To make use of a TPU when you use a pre-built PyTorch container, use the torch_xla package. Learn how to use torch_xla for TPU in training in the PyTorch documentation. For more examples of using torch_xla, see the tutorials in the PyTorch XLA GitHub repository

Note that when you train using a TPU on AI Platform Training, you are using a single XLA device, not multiple XLA devices.

See also the following section on this page about configuring your training job for PyTorch and TPU.

Configuring a custom TPU machine

A TPU training job runs on a two-VM configuration. One VM (the master) runs your Python code. The master drives the TensorFlow server running on a TPU worker.

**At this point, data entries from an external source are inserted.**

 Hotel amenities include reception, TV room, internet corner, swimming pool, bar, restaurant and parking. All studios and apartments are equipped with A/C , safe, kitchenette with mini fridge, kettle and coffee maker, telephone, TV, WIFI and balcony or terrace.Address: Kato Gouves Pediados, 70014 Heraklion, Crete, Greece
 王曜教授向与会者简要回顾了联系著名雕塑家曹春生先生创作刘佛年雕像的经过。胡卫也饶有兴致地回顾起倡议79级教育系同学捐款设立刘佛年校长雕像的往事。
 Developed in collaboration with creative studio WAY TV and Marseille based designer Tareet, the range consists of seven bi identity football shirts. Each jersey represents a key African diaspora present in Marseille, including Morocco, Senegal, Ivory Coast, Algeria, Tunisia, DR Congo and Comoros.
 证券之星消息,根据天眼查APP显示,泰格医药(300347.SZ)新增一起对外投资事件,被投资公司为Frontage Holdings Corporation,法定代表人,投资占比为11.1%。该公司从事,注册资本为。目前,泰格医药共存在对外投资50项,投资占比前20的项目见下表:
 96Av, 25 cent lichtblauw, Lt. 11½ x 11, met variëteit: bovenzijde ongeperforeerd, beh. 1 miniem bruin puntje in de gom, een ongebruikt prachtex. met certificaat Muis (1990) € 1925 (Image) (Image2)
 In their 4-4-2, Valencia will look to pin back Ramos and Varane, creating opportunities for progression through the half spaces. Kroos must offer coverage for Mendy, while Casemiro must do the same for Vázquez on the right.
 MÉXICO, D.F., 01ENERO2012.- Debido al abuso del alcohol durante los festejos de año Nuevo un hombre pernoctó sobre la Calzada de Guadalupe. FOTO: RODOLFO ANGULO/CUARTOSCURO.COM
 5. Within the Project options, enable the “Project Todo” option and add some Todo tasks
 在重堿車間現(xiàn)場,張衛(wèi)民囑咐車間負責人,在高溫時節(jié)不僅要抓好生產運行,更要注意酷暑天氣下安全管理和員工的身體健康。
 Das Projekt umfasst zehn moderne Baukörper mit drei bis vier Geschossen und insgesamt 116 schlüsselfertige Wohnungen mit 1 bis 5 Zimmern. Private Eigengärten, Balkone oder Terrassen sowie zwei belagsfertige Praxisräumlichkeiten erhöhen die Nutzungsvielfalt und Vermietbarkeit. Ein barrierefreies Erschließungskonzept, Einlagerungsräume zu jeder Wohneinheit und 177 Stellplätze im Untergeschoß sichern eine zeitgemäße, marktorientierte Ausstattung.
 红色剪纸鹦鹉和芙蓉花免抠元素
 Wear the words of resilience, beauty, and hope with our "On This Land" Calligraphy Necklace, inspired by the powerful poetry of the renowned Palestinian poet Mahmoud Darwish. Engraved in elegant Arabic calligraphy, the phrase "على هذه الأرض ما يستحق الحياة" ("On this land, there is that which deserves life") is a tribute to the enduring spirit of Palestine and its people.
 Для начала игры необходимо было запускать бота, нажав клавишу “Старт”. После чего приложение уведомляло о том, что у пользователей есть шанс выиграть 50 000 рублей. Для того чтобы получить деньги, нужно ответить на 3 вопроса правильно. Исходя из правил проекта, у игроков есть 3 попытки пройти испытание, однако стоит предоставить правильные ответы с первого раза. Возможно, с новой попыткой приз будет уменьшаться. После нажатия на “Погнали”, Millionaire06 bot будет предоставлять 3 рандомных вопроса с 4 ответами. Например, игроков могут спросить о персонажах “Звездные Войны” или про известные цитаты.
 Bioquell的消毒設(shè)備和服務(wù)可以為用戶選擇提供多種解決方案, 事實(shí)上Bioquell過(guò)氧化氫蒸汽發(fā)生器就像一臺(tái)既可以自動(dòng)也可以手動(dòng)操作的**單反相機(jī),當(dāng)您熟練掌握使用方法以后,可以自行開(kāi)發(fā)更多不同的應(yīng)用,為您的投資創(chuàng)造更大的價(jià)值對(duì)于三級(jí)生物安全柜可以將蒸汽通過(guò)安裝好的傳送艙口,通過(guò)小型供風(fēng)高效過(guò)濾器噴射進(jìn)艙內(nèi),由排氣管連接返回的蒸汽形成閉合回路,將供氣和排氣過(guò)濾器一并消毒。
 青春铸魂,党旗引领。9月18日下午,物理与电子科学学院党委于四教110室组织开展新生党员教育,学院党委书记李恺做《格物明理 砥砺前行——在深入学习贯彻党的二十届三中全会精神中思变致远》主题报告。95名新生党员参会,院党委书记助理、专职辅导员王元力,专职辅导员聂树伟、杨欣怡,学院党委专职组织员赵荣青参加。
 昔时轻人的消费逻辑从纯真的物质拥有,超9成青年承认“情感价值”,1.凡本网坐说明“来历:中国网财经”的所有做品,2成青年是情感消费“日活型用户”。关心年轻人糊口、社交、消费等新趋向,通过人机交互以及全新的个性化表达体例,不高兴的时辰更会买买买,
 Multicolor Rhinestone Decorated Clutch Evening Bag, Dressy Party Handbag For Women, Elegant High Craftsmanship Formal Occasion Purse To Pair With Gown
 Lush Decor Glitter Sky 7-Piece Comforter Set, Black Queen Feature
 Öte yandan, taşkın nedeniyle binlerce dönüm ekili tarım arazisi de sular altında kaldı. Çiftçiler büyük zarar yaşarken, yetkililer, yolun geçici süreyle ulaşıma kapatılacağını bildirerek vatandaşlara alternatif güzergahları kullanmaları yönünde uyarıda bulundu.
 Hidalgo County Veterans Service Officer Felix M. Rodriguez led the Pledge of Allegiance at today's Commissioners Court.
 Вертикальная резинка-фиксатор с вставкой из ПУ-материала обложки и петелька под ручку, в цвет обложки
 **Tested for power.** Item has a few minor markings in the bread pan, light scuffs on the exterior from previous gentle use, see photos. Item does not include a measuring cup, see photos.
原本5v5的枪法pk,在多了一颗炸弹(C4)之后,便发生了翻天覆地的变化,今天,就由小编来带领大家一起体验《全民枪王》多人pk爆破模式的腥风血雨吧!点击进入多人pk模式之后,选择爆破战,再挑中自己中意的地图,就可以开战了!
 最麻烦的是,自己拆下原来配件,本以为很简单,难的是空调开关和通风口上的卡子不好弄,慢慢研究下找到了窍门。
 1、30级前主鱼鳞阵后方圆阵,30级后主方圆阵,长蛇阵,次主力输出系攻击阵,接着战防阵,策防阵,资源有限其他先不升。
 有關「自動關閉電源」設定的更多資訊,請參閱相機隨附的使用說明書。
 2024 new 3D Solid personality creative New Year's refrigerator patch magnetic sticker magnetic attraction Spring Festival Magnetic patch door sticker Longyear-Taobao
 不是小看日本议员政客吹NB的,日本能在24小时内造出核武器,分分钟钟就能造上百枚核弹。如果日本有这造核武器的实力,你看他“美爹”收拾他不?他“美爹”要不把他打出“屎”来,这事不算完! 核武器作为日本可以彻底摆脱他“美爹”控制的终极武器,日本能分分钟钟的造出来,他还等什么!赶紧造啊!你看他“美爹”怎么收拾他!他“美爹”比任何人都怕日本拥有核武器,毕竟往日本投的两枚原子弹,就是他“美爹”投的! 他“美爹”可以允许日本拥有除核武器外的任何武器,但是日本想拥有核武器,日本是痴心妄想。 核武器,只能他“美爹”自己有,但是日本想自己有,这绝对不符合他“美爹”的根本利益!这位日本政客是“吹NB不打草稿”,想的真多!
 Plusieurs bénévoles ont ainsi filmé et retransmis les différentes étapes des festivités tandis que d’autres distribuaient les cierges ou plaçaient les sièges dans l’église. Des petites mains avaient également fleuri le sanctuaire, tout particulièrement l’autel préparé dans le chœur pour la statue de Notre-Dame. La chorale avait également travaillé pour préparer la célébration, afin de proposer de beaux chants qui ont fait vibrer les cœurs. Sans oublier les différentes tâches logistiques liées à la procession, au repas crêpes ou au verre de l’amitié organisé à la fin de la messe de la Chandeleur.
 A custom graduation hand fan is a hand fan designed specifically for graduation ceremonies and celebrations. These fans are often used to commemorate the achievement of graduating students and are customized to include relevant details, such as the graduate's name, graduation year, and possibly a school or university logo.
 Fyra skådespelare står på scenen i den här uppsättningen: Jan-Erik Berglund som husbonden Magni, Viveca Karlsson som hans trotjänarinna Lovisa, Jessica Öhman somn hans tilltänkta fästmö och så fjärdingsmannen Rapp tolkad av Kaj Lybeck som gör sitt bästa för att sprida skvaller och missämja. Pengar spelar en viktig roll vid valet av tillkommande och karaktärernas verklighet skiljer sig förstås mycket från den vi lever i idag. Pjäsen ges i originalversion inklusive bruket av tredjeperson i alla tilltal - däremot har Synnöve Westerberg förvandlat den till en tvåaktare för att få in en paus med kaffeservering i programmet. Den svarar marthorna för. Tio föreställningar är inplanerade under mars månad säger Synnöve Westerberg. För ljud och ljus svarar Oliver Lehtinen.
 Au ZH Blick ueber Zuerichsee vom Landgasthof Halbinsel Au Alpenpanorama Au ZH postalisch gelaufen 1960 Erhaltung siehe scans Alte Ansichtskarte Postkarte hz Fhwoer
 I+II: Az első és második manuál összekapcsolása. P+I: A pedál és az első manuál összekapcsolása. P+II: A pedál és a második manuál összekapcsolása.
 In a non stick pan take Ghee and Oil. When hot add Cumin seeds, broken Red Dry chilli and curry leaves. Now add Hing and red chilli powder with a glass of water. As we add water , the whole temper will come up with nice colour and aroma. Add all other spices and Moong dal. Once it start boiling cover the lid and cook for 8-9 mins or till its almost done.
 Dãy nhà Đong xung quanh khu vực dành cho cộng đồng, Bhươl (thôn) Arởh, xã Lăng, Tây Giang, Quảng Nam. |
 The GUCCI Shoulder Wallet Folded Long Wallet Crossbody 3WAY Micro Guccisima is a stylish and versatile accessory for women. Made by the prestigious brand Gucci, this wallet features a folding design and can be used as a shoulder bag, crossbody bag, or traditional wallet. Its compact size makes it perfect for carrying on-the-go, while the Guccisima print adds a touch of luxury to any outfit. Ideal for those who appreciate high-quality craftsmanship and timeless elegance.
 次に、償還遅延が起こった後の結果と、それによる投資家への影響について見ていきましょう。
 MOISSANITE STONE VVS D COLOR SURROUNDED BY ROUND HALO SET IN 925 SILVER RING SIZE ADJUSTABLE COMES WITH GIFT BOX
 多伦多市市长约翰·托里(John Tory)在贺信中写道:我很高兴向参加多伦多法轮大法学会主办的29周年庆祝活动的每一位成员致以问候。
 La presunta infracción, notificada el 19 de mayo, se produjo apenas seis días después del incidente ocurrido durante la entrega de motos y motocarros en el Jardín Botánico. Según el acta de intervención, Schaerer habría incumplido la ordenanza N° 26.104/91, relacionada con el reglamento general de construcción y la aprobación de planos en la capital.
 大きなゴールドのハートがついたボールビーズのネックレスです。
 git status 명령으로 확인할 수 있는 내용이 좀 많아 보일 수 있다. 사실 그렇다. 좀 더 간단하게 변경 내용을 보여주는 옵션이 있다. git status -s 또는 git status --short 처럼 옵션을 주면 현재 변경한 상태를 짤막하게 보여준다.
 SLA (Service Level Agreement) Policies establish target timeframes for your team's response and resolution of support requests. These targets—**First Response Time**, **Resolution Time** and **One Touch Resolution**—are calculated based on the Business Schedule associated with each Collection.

To use a TPU with AI Platform Training, configure your training job to access a TPU-enabled machine in one of three ways:

  • Use the BASIC_TPU scale tier. You can use this method to access TPU v2 accelerators.
  • Use a cloud_tpu worker and a legacy machine type for the master VM. You can use this method to access TPU v2 accelerators.
  • Use a cloud_tpu worker and a Compute Engine machine type for the master VM. You can use this method to access TPU v2 or TPU v3 accelerators. TPU v3 accelerators are available in beta.

Basic TPU-enabled machine

Set the scale tier to BASIC_TPU to get a master VM and a TPU VM including one TPU with eight TPU v2 cores, as you did when running the previous example.

TPU worker in a legacy machine type configuration

Alternatively, you can set up a custom machine configuration if you need more computing resources on the master VM:

  • Set the scale tier to CUSTOM.
  • Configure the master VM to use a legacy machine type that suits your job requirements.
  • Set workerType to cloud_tpu, to get a TPU VM including one Cloud TPU with eight TPU v2 cores.
  • Set workerCount to 1.
  • Do not specify a parameter server when using a Cloud TPU. The service rejects the job request if parameterServerCount is greater than zero.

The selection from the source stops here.